10. Device for determining the location and depth of underground utilities to perform the method according to paragraphs. 1-9, comprising an alternating current source connected to at least one communication, a sensor unit comprising at least one electromagnetic field sensor, and a housing in which at least one preamplifier for each electromagnetic sensor is located field, at least one ADC connected to the corresponding preamplifier, indicator, processing unit, power supply, switch for reference points, memory unit for the distance between reference points and memory unit for the magnitude of the electromagnetic field in reference points, at the sensor unit is connected to the preamplifier, the power supply unit is configured to supply power to the sensor unit, preamplifier, processing unit and indicator, and the processing unit is connected to the preamplifier through an ADC, indicator, reference point switch, memory unit of the distance between the reference points and the electromagnetic unit Fields at reference points.

11. The device according to p. 10, characterized in that the single-element, two-element or three-element electromagnetic field sensors are used as electromagnetic field sensors, which measure the electromagnetic field strength along one axis, in a plane or at a point in space, respectively, and containing sensitive elements.

12. The device according to p. 10, characterized in that the sensor unit is located outside or in the housing.

13. The device according to p. 10, characterized in that if there are more than one electromagnetic field sensor in the sensor block, the sensors in the block are spaced apart at predetermined predetermined distances from each other.

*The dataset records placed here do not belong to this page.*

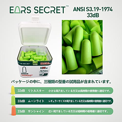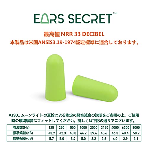 EARS SECRET 이전수면용 방음 봐 보이지 않겠 고기능 NRR33 공부 일 자는 시용 이전최고의 방음치 50+3페어 슬림 사이즈 코고는 소리 단잠 사격 여행이 선 공장 소음 대책 수면 상품 쟈스민 그린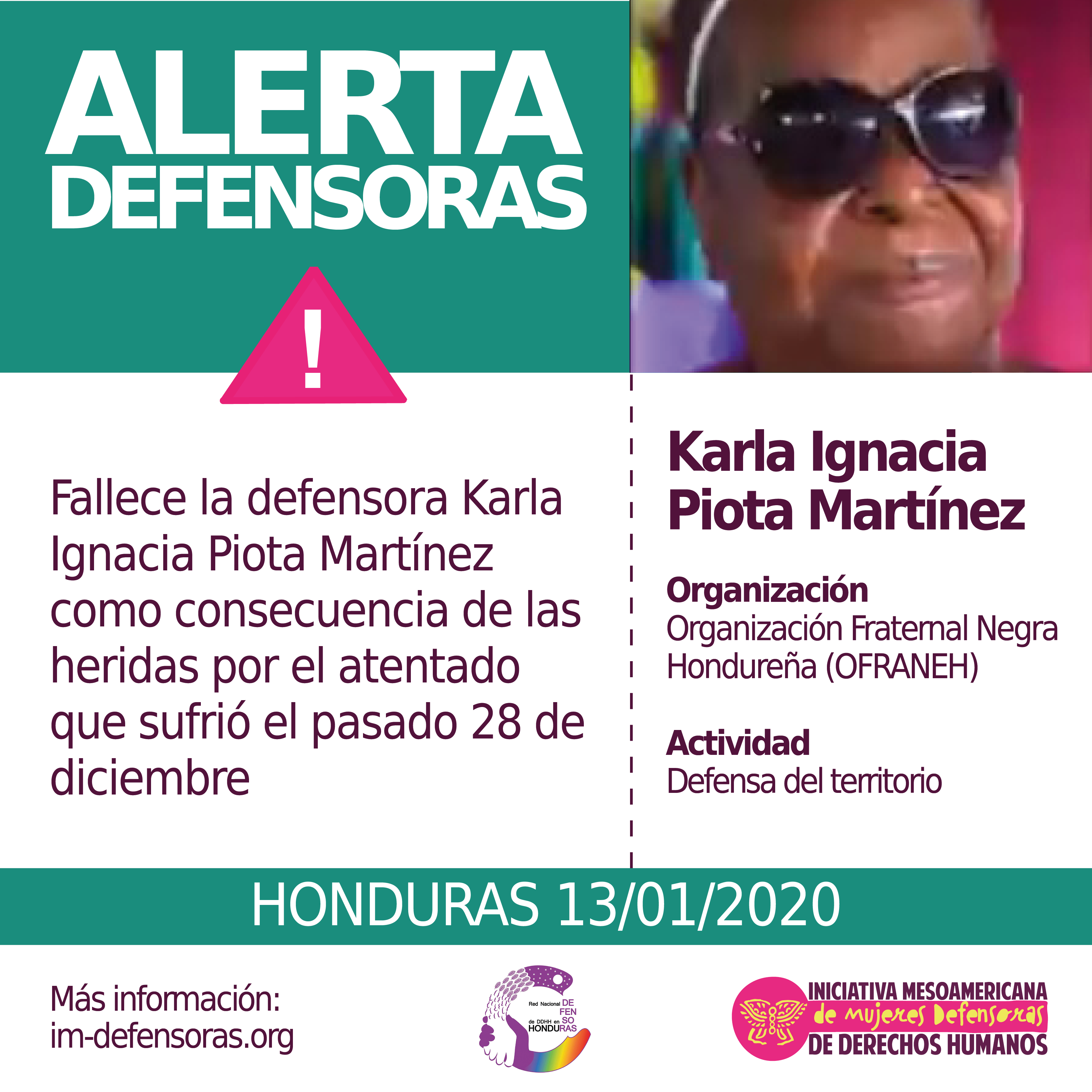 Desde la IM-Defensoras lamentamos esta terrible noticia y expresamos nuestra solidaridad con la familia de Karla Ignacia Piota Martínez y con OFRANEH.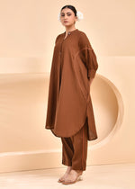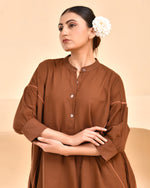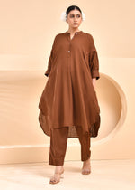 The kurta features a half placket neckline, subtle contrast piping, and a rounded hemline that gives the outfit an easy, flowing finish. Designed with functional side pockets and a relaxed structure, Gulabi balances comfort with understated elegance. Paired with straight-fit pants, this set is timeless and versatile.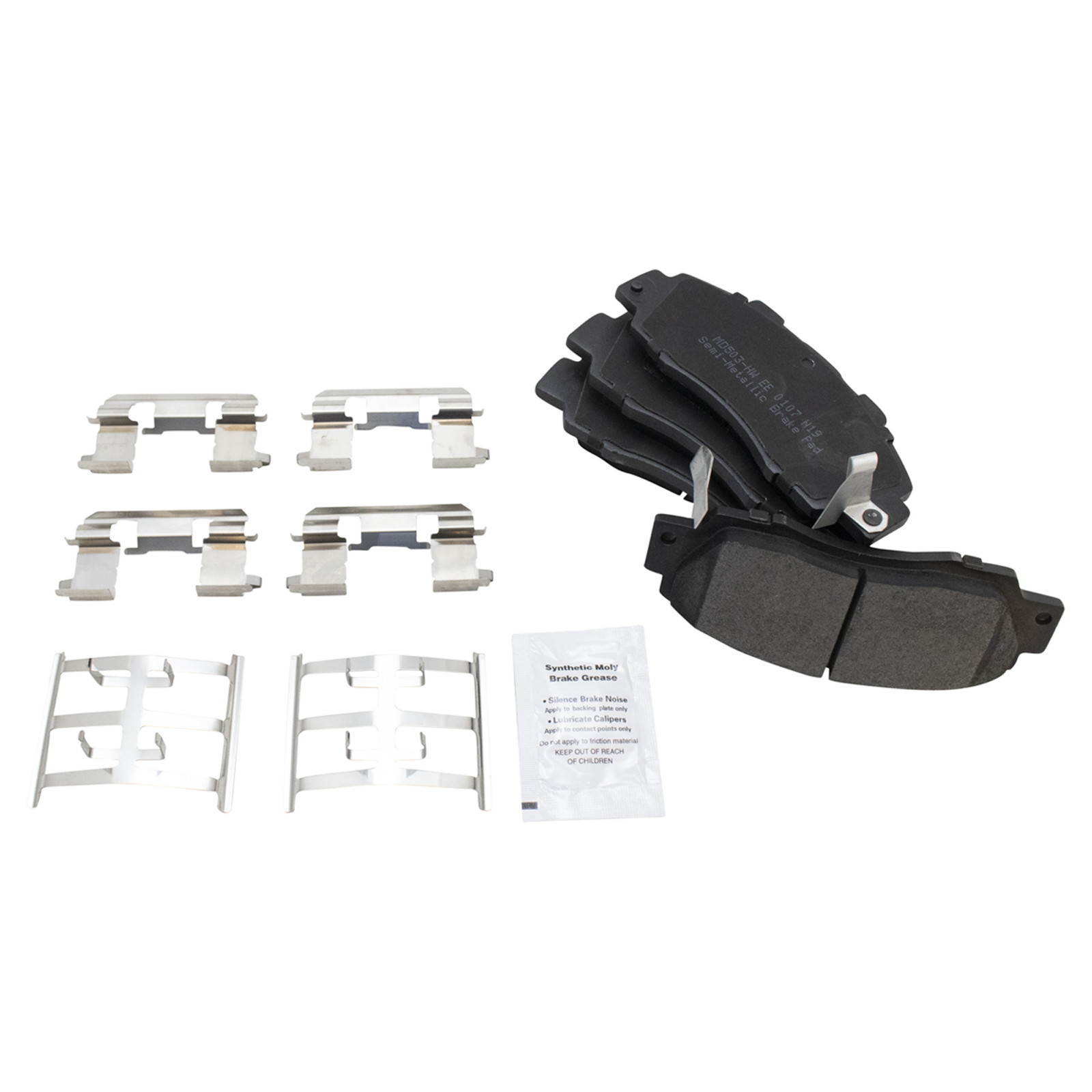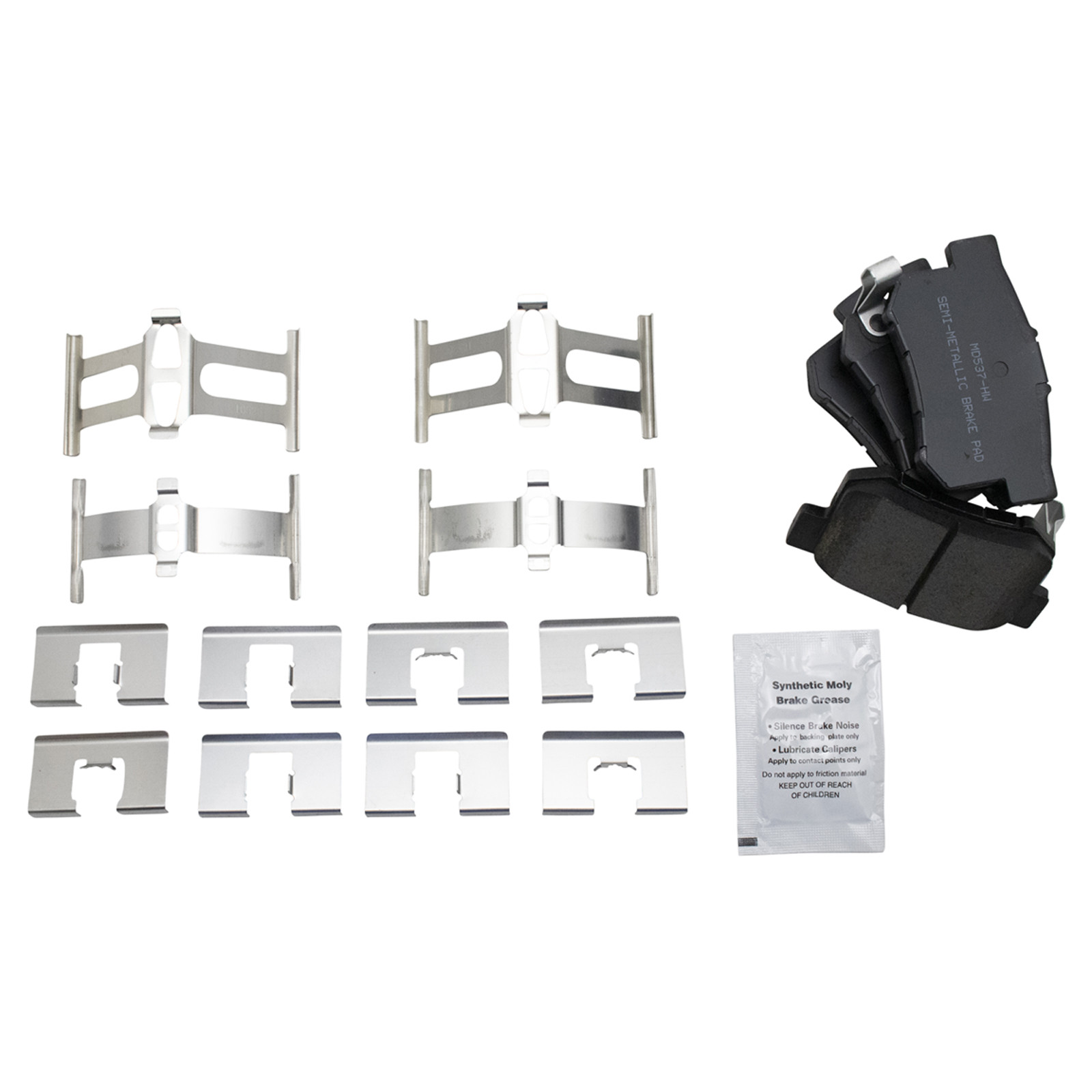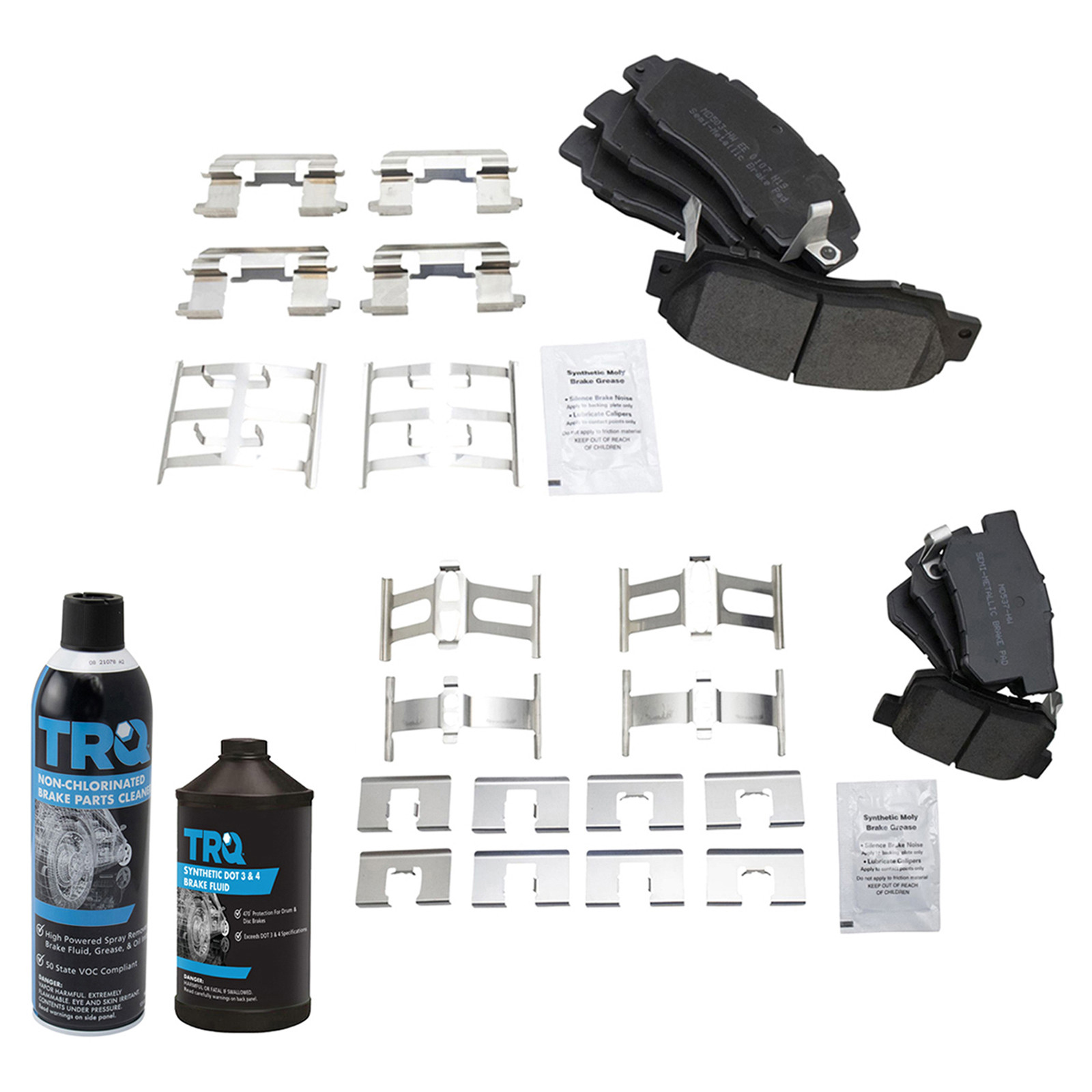 Kit Includes:(1) 12 oz DOT 3 & 4 Brake Fluid, Kit Includes:(1) 13 oz Non-Chlorinated 50 State Formula Brake Cleaner, Kit Includes:(1) Front Semi-Metallic Brake Pad Set with Contact Point Grease & Hardware, Kit Includes:(1) Rear Semi-Metallic Brake Pad Set with Contact Point Grease & Hardware

14. The device according to p. 10, characterized in that the switch on the instrument panel is used as a switch, while fixed values of distances are entered into the device memory that correspond to the sequence of pressing the switch.

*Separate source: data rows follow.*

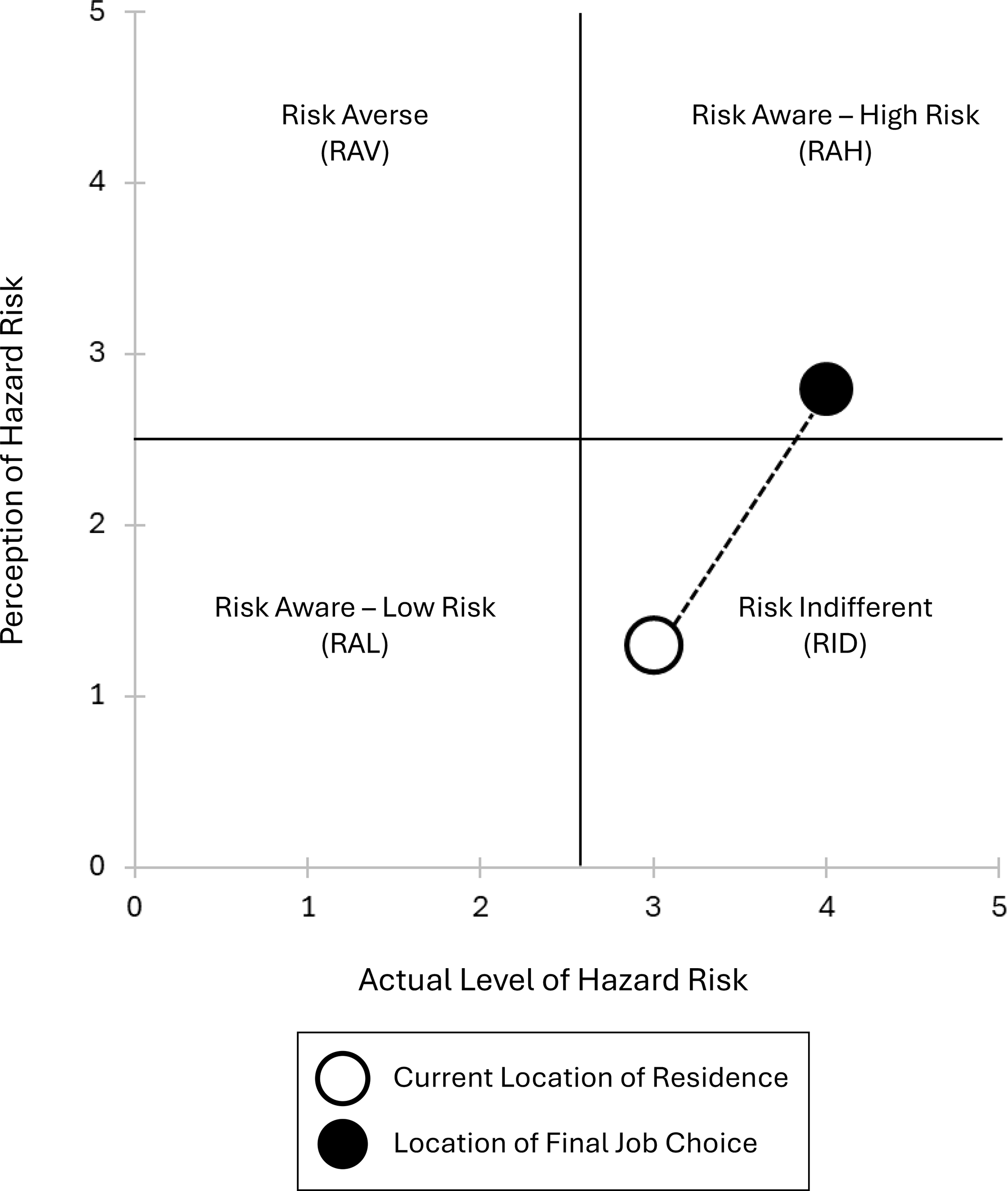 This part of the decision-making process follows the consideration that emotions and past experiences do not generally weigh heavily in the decision-making process (McNamara et al., 2024; Noll et al., 2022; Zander et al., 2020). An average of all individual hazard risk perceptions was calculated as the average risk perception. Hazard risk perception was calculated for the current location of residence and for the job location and the plotted against the actual hazard risk level for the associated location. Hazard sensitivity zones (i.e. Risk Averse, Risk Aware–Low Risk, Risk Aware–High Risk, Risk Indifferent) were determined based on quadrants from 0–2.5 and 2.5–5.0 along the risk perception and risk level axes.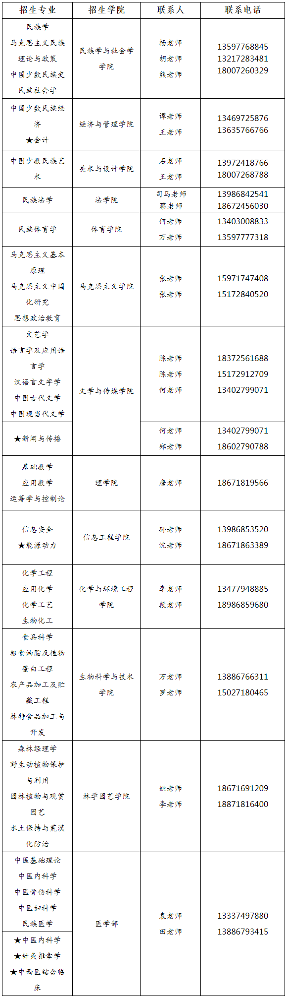 各學(xué)院招生聯(lián)系人及聯(lián)系電話見(jiàn)下表: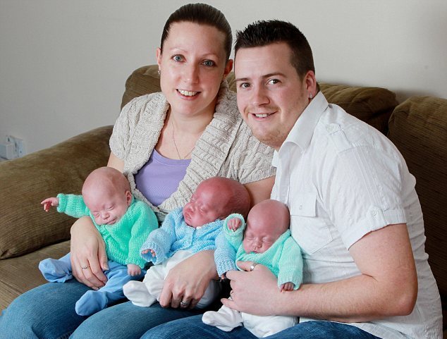 Οι γονείς τους από το Trowbridge του Wiltshire είναι παντρεμένοι δύο χρόνια και χάρηκαν πολύ όταν έμαθαν ότι είχαν συλλάβει τρίδυμα με φυσιολογικό τρόπο. Όλα κυλούσαν καλά μέχρι που η Rachael άρχισε να υποφέρει από πυελικούς πόνους. «Ξαφνικά μια μέρα έσπασαν τα νερά μου και πήγα εσπευσμένα στο νοσοκομείο. Πανικοβλήθηκα και φοβήθηκα ότι δε θα κατάφερναν να επιζήσουν. Ήταν απαίσιο συναίσθημα» προσθέτει.

15. The device according to p. 14, characterized in that the switch is configured to start the measurement at the first point, fix the subsequent measurement points, stop the measurement and synchronize the measurement in time using a timer, and the intermediate distances between the measurement points are calculated by pre-entered in memory algorithm.

16. The device according to p. 10, characterized in that it further comprises a distance meter connected to the processing unit.

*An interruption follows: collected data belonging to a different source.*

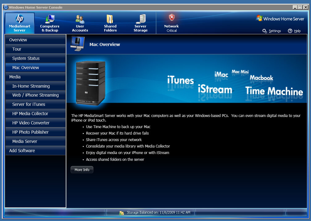 Plus, the server now ships with a OS X WHS management tool. It’s essentially a repacked remote desktop client, but it gets the job done. Because of these updates, an HP MediaSmart server can live comfortably on an all-Mac network.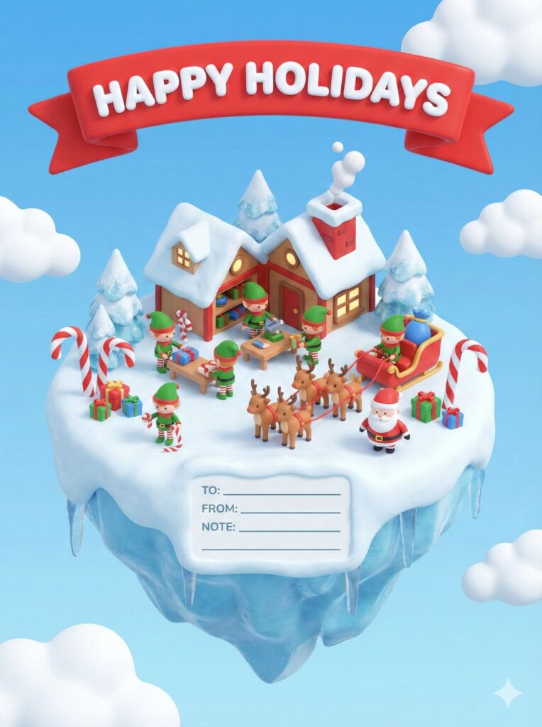 A playful, cute 3D isometric render of the North Pole. Tiny elves, reindeer, and Santa's workshop are rendered in a charming, toy-like style on a floating snowy island. Clouds float around it. A large banner across the top reads "HAPPY HOLIDAYS". On the snowy base of the island, clean text areas are designated: "TO:", "FROM:", "NOTE:". The colors are cheerful reds, greens, and icy blues. --ar 3:4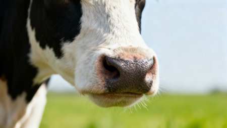 This close-up photograph features a cow's nose with expressive details and textures, set against a soft background, showcasing the essence of farm life and the beauty of nature.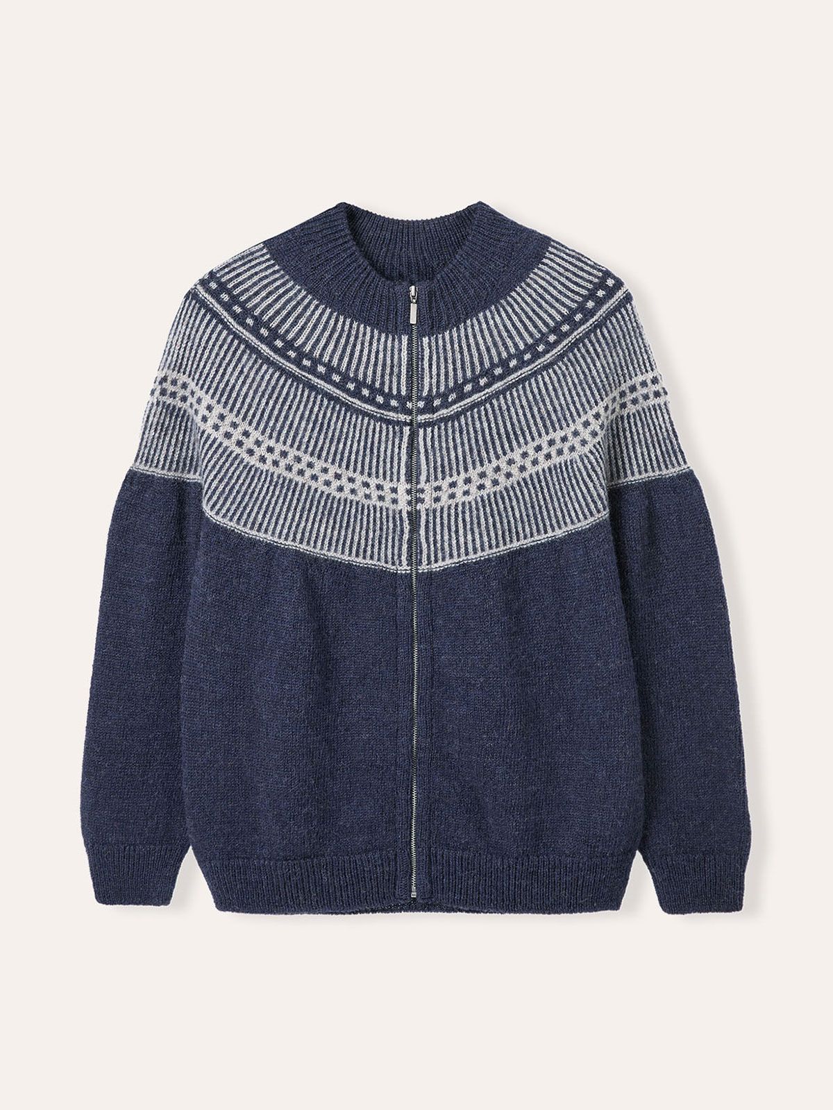 This relaxed-fit cardigan features a unique yoke stitch and a crew neckline with raglan sleeves. Crafted from British wool spun in Yorkshire and knitted in Hinckley, it reflects a seamless British production story, combining traditional techniques with enduring quality. This cardigan is part of our British end-to-end product story. The British wool is spun in Yorkshire by Laxtons and then knitted in Hinckley, U.K.

17. The device according to p. 16, characterized in that as a distance meter a measuring bar is applied, associated with the device and containing marks of fixed distances recorded in the device memory.

18. The device according to p. 16, characterized in that a measuring wheel is used as a distance meter.

19. The device according to p. 16, characterized in that an accelerometer is used as a distance meter, when fixing intermediate points according to a previously stored algorithm.

20. The device according to p. 16, characterized in that as a distance meter, a combination of devices is used, made with the possibility of additional measurement of the rotation angles of the measurement axis of the electromagnetic field sensors and including an accelerometer, altimeter, magnetometer, electronic gyroscope connected to the processing unit, when fixing intermediate points according to a previously stored algorithm.

21. The device according to p. 16, characterized in that a GPS system is used as a distance meter when fixing intermediate points according to a previously stored algorithm.